# Disabling router function from modem/router combo



## ClemsonFan (Aug 10, 2014)

I have a Netgear DGN2200v3 modem/router combo. I've had it for a year now and I'm not very satisfied with the router capabilities so I purchased an Apple Extreme Base. I was told I need to disable the router function from my modem/router combo. I looked in the Netgear Genie program for some sort of advanced options but I have found nothing. Anyone able to assist?


----------



## ClemsonFan (Aug 10, 2014)

i just found access to advanced settings. If I unclick "Enable wireless router radio" will it disable the router? (seems like it may be a stupid question but I'm trying to make sure here)


----------



## bassfisher6522 (Jul 22, 2012)

To work with in the modem/router settings you need to use the web interface by typing 192.168.x.x (where the x's are your netgear numbers) in the http:/ browser search. Those settings are generally in the wireless section/tab/area. 

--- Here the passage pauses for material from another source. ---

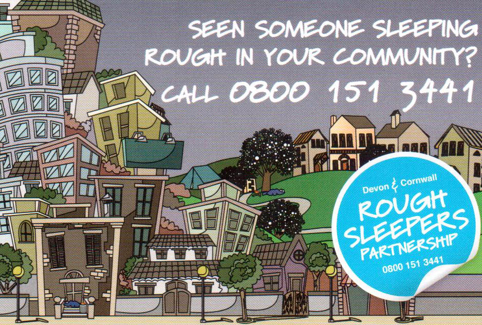 If you happen to see anyone sleeping rough or someone you think is in need of assistance, please contact the Devon and Cornwall Rough Sleepers Partnership as soon as you can.

I cannot access my Router settings

Connect NETGEAR router to Internet using Genie


----------



## joeten (Dec 4, 2008)

It will disable the wifi.


----------



## ClemsonFan (Aug 10, 2014)

i did that. it was 192.168.0.1 and then Advanced Setup -->Wireless Settings

this is where i found "enable wireless radio router" and I'm wondering if unclicking that box is all i need to do. is it really that easy?


----------



## ClemsonFan (Aug 10, 2014)

is that all i want to do? just disable the wifi? then plug in my Apple Extreme and use it as my router? is this accomplishing what i want?


----------



## joeten (Dec 4, 2008)

The apple router will set itself to bridging and you will get the wifi via it.


----------



## Wand3r3r (Sep 17, 2010)

You misinterpreted what "I was told I need to disable the router function from my modem/router combo" means.

It means to set the router into bridge mode which also means its not doing NAT which is a router function.

Page 102 in your manual for how to set in bridge mode.
http://www.downloads.netgear.com/files/GDC/DGN2200V3/DGN2200v3_UM_2Oct12.pdf


----------



## ClemsonFan (Aug 10, 2014)

thanks so much! i'm getting the kiddo down for a nap and i'm going to give this a try. appreciate the help very much!


----------